File.open("#{out_pref}_#{"%05d"%(fh_in.pos/chunksize)}.txt","w") do |fh_out|
fh_out << fh_in.read(chunksize)
end
end
end
end
chunker "inputfile.txt", "output_prefix" (, desired_chunk_size)
Instead of a line loop you can use .read(length)
and do a loop only for the EOF
marker and the file cursor.
This takes care that the chunky files are never bigger than your desired chunk size.
On the other hand it never takes care for line breaks (\n
)!
Numbers for chunk files will be generated from integer division of current file curser position by chunksize, formatted with "%05d" which result in 5-digit numbers with leading zero (00001
).
This is only possible because .read(chunksize)
is used. In the second example below, it could not be used!
Update: Splitting with line break recognition
If your really need complete lines with \n
then use this modified code snippet:
def chunker f_in, out_pref, chunksize = 1_073_741_824
outfilenum = 1
File.open(f_in,"r") do |fh_in|
until fh_in.eof?
File.open("#{out_pref}_#{outfilenum}.txt","w") do |fh_out|
loop do
line = fh_in.readline
fh_out << line
break if fh_out.size > (chunksize-line.length) || fh_in.eof?
end
end
outfilenum += 1
end
end
end
I had to introduce a helper variable line
because I want to ensure that the chunky file size is always below the chunksize
limit! If you don't do this extended check you will get also file sizes above the limit. The while
statement only successfully checks in next iteration step when the line is already written. (Working with .ungetc
or other complex calculations will make the code more unreadable and not shorter than this example.)

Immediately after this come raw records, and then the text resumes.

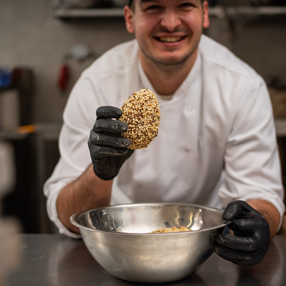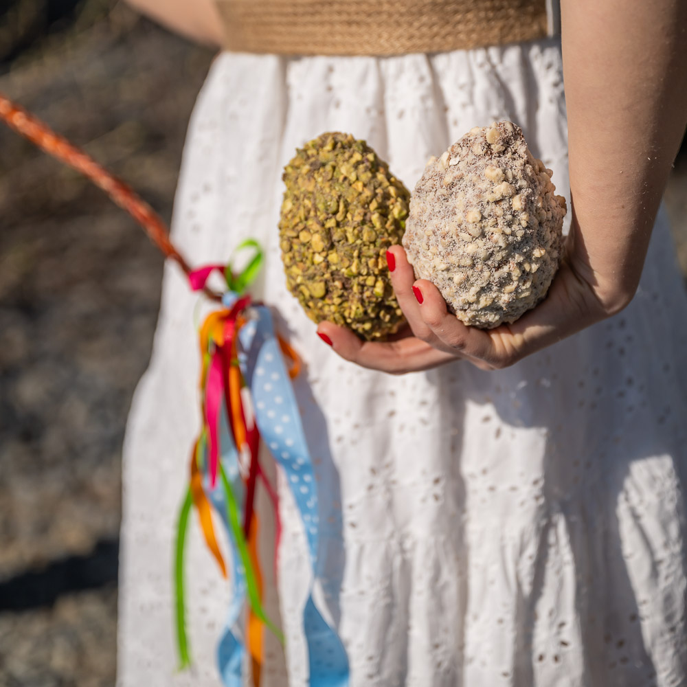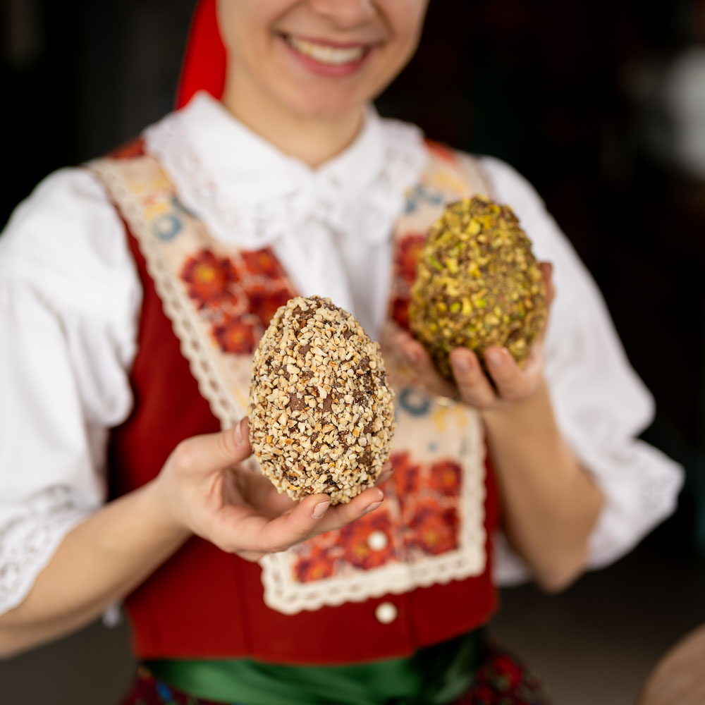 Poté obě poloviny spojíme dohromady a necháme vše důkladně zafixovat. Následuje finální krok, který dodává vajíčku jeho charakter – obalení v nasekaných lískových oříšcích. Oříšky jemně přitlačíme k povrchu, aby pevně držely a zároveň vytvořily bohatou, křupavou vrstvu, která krásně doplňuje jemnost nugátové náplně.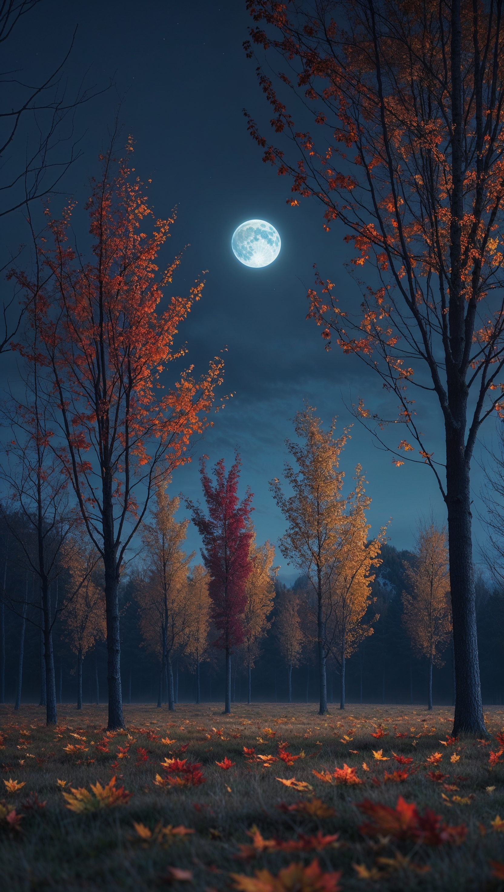 1664x2944 A moonlit night in September with trees shedding their leaves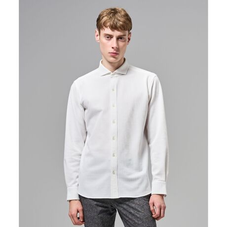 シンプルながら、独特の素材感で個性のあるシャツ。ノータイでもジャケットでも様になり幅広く対応します。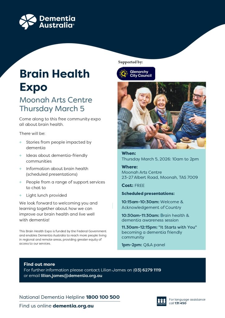 If you have any questions regarding this Brain Hub or the events that are running as part of it, please contact Lilian James on (03) 6279 1119 or email lilian.james@dementia.org.au

Unfortunately you have to have a second EOF
check, because the last chunk iteration will mostly result in a smaller chunk.
Also two helper variables are needed: the line
is described above, the outfilenum
is needed, because the resulting file sizes mostly do not match the exact chunksize
.
For files of any size, split
will be faster than scratch-built Ruby code, even taking the cost of starting a separate executable into account. It's also code that you don't have to write, debug or maintain:
system("split -C 1M -d test.txt ''")
The options are:
-C 1M
Put lines totalling no more than 1M in each chunk-d
Use decimal suffixes in the output filenamestest.txt
The name of the input file''
Use a blank output file prefix
Unless you're on Windows, this is the way to go.